═══ INFORMATION SHOWN ═══

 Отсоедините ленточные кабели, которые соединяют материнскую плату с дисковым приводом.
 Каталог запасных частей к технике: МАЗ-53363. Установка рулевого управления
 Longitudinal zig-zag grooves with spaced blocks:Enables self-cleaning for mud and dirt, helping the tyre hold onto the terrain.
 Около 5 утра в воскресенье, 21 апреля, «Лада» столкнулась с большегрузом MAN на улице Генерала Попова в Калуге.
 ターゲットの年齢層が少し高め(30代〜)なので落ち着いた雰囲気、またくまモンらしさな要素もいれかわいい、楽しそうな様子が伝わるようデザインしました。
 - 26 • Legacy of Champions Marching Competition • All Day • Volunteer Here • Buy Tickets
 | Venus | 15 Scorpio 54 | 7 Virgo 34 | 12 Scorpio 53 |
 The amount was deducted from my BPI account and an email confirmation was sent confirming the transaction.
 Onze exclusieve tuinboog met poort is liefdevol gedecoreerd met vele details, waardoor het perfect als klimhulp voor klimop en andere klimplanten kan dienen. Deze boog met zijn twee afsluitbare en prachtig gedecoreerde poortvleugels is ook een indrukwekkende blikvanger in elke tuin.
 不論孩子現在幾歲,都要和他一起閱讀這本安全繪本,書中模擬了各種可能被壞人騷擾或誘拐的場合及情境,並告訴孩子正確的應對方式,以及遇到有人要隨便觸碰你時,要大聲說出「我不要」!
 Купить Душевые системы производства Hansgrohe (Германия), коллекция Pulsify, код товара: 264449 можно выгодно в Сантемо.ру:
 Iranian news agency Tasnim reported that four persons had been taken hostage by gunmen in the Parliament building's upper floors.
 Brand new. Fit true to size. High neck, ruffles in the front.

═══

__ASSIGNMENT__
Begin with the line containing "不論孩子現在幾歲,都要和他一" and repeat each line exactly until the records above end.

__EXERCISE SOLUTION__
 不論孩子現在幾歲,都要和他一起閱讀這本安全繪本,書中模擬了各種可能被壞人騷擾或誘拐的場合及情境,並告訴孩子正確的應對方式,以及遇到有人要隨便觸碰你時,要大聲說出「我不要」!
 Купить Душевые системы производства Hansgrohe (Германия), коллекция Pulsify, код товара: 264449 можно выгодно в Сантемо.ру:
 Iranian news agency Tasnim reported that four persons had been taken hostage by gunmen in the Parliament building's upper floors.
 Brand new. Fit true to size. High neck, ruffles in the front.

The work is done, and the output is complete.